Structure of Regulation by the Core Genes Revealed by the Perturbed Time Progression in osgi. (A) A scheme for finding the structure of regulation. (B) Contribution of 15 core genes to the prediction of expression of downstream genes. Bonferroni-corrected log₁₀ P values for each core gene determined by the Wilcoxon signed-rank test with random permutation are shown as a gray-scaled heat map. PC analysis was performed using the log₁₀ P values for 15 core genes with each downstream gene. The scores of each downstream gene on PCs 1 and 2 are indicated by the colors of the circles above the heat map (as also shown in [D]). Small PC1 values are expressed as blue and large PC2 values green. The same labeling of colors are used to distinguish the 68 downstream genes in (E) to (I). (C) Loading of the log₁₀ P values of each core gene on PC1 and PC2 scores of the downstream genes. (D) Scores of PC1 and PC2. (E) Progression of internal time with the best prediction performance for each downstream gene.

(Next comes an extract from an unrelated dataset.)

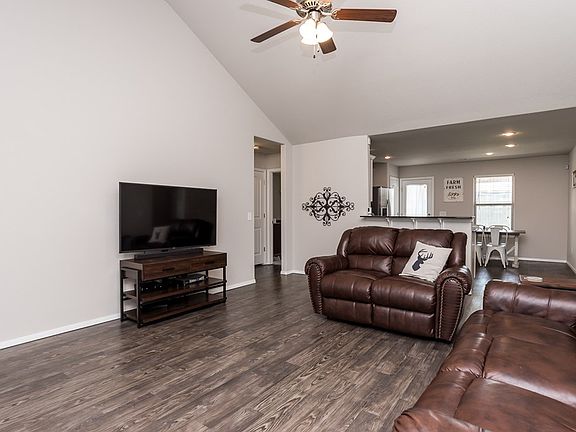 Beautiful home in amazing neighborhood and location. Close to schools, shopping, and dining. Amenities include pool, clubhouse, softball, and basketball! This home features a spacious and open floorplan, perfect for entertaining. Wood vinyl floor throughout. Vaulted ceilings. Eat-in kitchen has stainless appliances and access to the covered back patio which is a perfect outdoor living space. Privacy fenced backyard. Large master bedroom has attached bath and walk-in closet. Three guest bedrooms offer plenty of space. This home is a must see! Central location to all the best NWA has to offer!
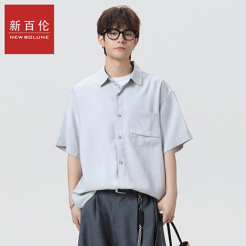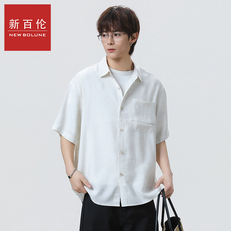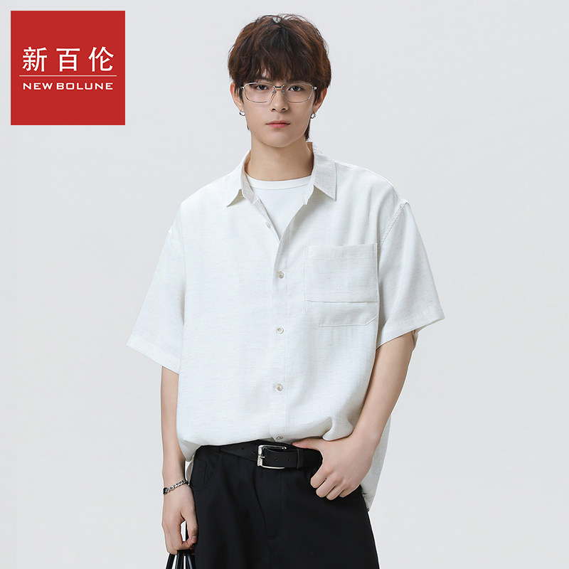 新百伦亚麻短袖衬衫男士2026夏季新款复古百搭休闲五分袖衬衣外套

The osgi time progression for a downstream gene is shown as a polygonal line connecting the means of expectation of the internal time for each time of day sampled. The thick black line shows time progression along physical time of day. (F) and (G) Relative expression of predicted downstream genes in the wild type (F) and osgi (G). Log₂ expression levels are standardized so that the mean is 0 and sd is 1 for the wild type. (H) Difference in the relative expression between the wild type and osgi. (I) Significant relationships between groups of the core genes and downstream gene clusters based on PC analysis.